O clamor dos deserdados da terra no livro As Fomes Inaugurais, de Whisner Fraga

Adelto Gonçalves

Histórias dos deserdados da terra que habitam as ruas de São Paulo compõem As fomes inaugurais (Editora Sinete, 2024), o mais recente livro de Whisner Fraga, autor de mais de uma dezena de obras nos gêneros romance e contos, algumas premiadas. Desta vez, são 55 minicontos sobre personagens que se acostumaram a viver à margem de uma sociedade que não só não tem interesse em acolhê-los como faz questão de enxotá-los de suas calçadas.
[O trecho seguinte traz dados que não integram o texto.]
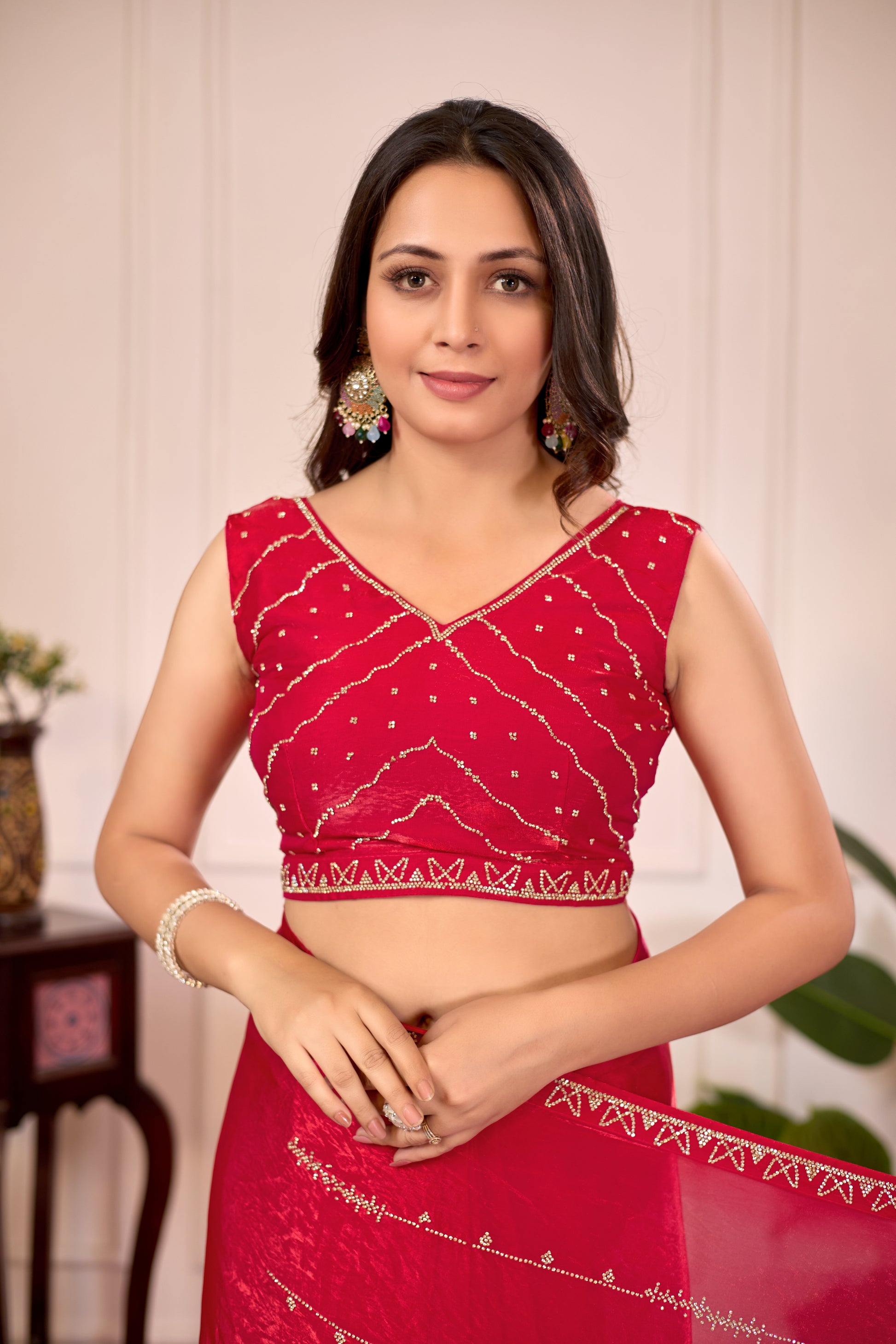 Elevate your festive and party look with this stunning Dark Cherry Rani Satin Silk Saree, beautifully adorned with premium Jarkan lining work that adds a glamorous shine and royal appeal. Crafted from smooth satin silk fabric, this saree drapes gracefully and gives a rich luxurious look, making it perfect for weddings, receptions, parties, and special occasions.

Para tanto, o autor, já experimentado no ofício, vale-se de vários recursos de estilo, como o realismo mágico, o fluxo de consciência e as narrativas em terceira e primeira pessoas, sem deixar de recorrer, às vezes, à linguagem do teatro, em textos sempre entremeados por prosa poética.

No miniconto “brasões, flâmulas, insígnias”, o autor observa que “mendigo é diferente de morador de rua e pessoa em situação de rua é pior, morador de rua escolhe morar na rua, e pessoa em situação de rua pousa no abrigo, sem o cachorro, pois não recebem bichos lá”. E acrescenta que os burgueses “estão se lixando se dormem na rua ou no asilo ou o modo que são denominados, dependendo do lugar em que pernoitam”.

Se se pode acrescentar alguma coisa a esse miniconto, é para lembrar que, segundo depoimento ouvido recentemente de um sem-teto, muitas vezes, é melhor dormir na rua, de preferência debaixo de uma marquise, do que pernoitar num asilo público, correndo o risco de ser roubado por aqueles que lá também pernoitam e precisam de seu parco dinheirinho para alimentar o vício das drogas. Eita, que mundo cão!

O canto aos excluídos

Em alguns minicontos, aparecem o dono de um bar, conhecido como Seu Manuel, e Helena, sempre dialogando com o narrador. Em outros, mulheres em situação de rua buscam dinheiro em lives eróticas e uma família que mora em um carro abandonado e começa a adaptá-lo para transformá-lo em uma casa. No miniconto “usualmente a heresia”, há um flagrante da vida de um casal de excluídos: “a aguardente brilha debaixo do holofote mirrado do poste, a mulher espera que ele desembuche e deposite o litro em seu colo: não é capaz de despertar sem uma talagada (…)”.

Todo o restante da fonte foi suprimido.